The privilege of mediocrity – The New York Times

TAKE A LOOK THROUGH THE American Cultural Landscape and you will find a growing number of people of color who have earned the right to dictate the terms of their art, from Shonda Rhimes and Jennifer Lopez, who have signed development agreements to large-scale with Netflix, Ã la showrunner Misha Green, whose âLovecraft Countryâ, canceled by HBO after one season, was nominated for 18 Emmy Awards and signed a global deal with Apple. All of this success, however, rests on the doctrine of the exceptional individual. For long-established racial minority communities as well as recent immigrants, the promise of the American Dream lies in what philosopher Michael J. Sandel calls “the rhetoric of the uprising”: a faith, largely illusory, that the you can go as far in this country as your talents will take you. You may have to work twice as much for half as much, but you are still the master of your destiny. The phrase âblack excellence,â for example, gained traction in the late 1960s, after legal victories for the civil rights movement revealed a society still deeply rooted in racial inequality and division. In November 1969, activist Whitney M. Young Jr., then head of the National Urban League, wrote an op-ed titled “Black Excellence Can Lead to an Open American Society” in which he called on black Americans to fight for their own freedom through âdiscipline and responsible actionâ. The violent protests, Young argues, are not convincing. âWe must pursue black excellence,â he writes, âthe special responsibility to excel: to think, outdo and outdo those who would deny black freedom. “
“We have the burden of thinking that if our shows fail, then it’s a referendum on the viability of Asian Americans as a whole,” actor Daniel Dae Kim said.
Black excellence, however, only functions as a means of upward social mobility in a society largely free of racist structures and racist people. Perhaps, as Sandel argues, the very premise of meritocratic endeavor is wrong. âWhat if the rhetoric of ascension no longer inspires,â he suggests, ânot just because social mobility has stalled but, more fundamentally, because helping people climb the ladder of success? in a competitive meritocracy is a hollow political project that reflects an impoverished conception of citizenship and freedom? Most Americans are not prepared to consider such a bold reframing of our civil order. Indeed, people of color are often the most vocal proponents of America’s Success Bustle. After all, just enough of us have been rewarded by following this path of hard work and determination that only underscored the viability of the myth. How can meritocracy be a myth when your cousin or your best friend’s sister-in-law has been successful working with white people? How can that be a myth when a black man and, in his own words, “a skinny kid with a funny name” worked so hard he ended up in the White House? When did a black and Native American woman do the same?

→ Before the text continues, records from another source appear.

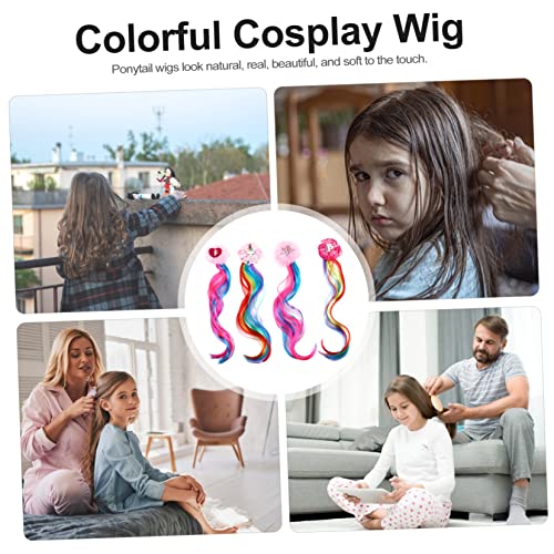 LALAFINA 4Pcs Costume Barrettes Bambini Parrucca Arco Intrecciato Archi Partito Principessa Estensione Cosplay Finto Unicorno Favori Casuali Vacanze Coda Di Cavallo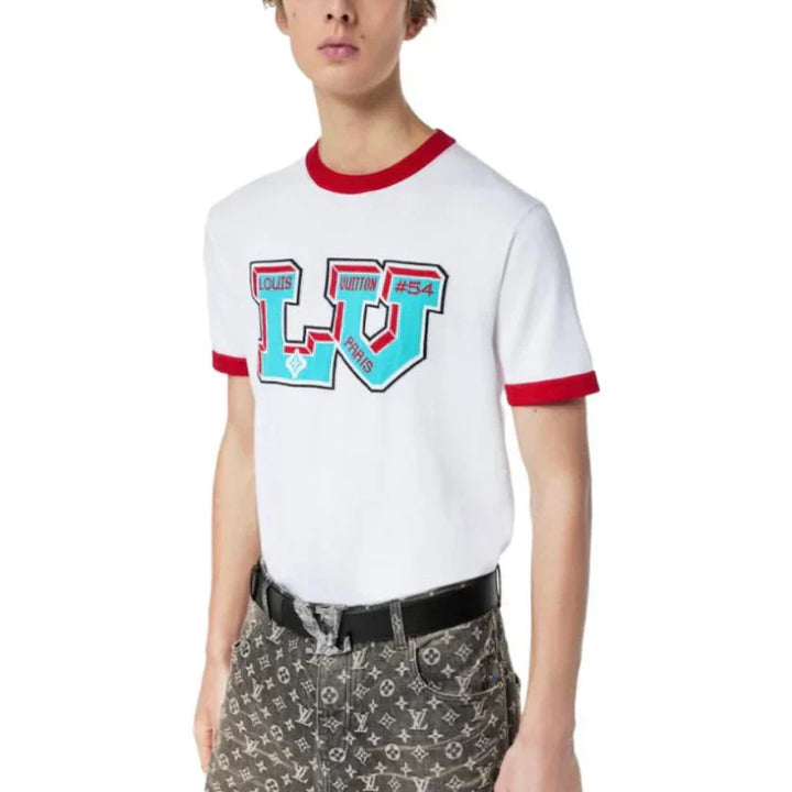 Red and blue jacquard large letter short sleeves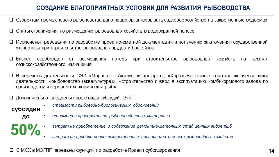 В прошедшем году в целях создания благоприятных условий для бизнеса, на законодательном уровне принят ряд поправок, которые позволили расширить возможности субъектам рыбоводства.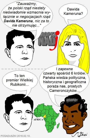Ryszard Petru w programie "Kropka nad i" skompromitował się (kolejny raz) jako polityk i człowiek kreujący się na lidera opozycji. Dwukrotnie nazwał premiera Dawida Camerona Dawidem Kamerunem. Tu nie ma czego komentować. Komorowski przy nim ze swoimi gafami to Mały Pikuś...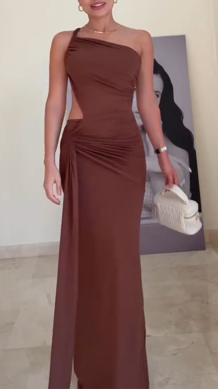This stunning asymmetrical dress redefines elegance with its daring design. The strategically placed waist cutout adds a touch of seduction while maintaining sophistication. Flowing into an ultra-long silhouette, the dress creates mesmerizing movement with every step. The back features an unexpected deep plunge, revealing just the right amount of skin for maximum impact. Crafted from luxurious fabric that drapes beautifully, this piece transitions effortlessly from red carpet events to exclusive soirées. The unique asymmetrical neckline frames the collarbones perfectly, drawing attention to your natural grace. Designed for the fashion-forward woman who commands attention, this dress combines boldness with timeless style. The elongated hemline elongates the figure, creating a statuesque effect that turns heads. Perfect for making a statement at any high-profile occasion, this is more than a dress—it's a work of art for your wardrobe.

In light of these hard-won individual efforts, the concept of saving mediocrity seems perverse. In 1963, when James Baldwin published “My Dungeon Shook,” his heartbreaking and penetrating open letter to his teenage nephew, he was not advocating mediocrity but its opposite. âYou were born into a society that explained with brutal clarity, and in every possible way, that you were a worthless human being,â Baldwin writes. âYou weren’t supposed to aspire to excellence: you had to make peace with mediocrity. How dare we, sixty years later, propose to make peace with mediocrity? But Baldwin could not have predicted the costs of our constant efforts, for we have lived to see something that he could not: the psychic toll of the striving for excellence in a society that fails to achieve it. recognize and reward it even when it is achieved.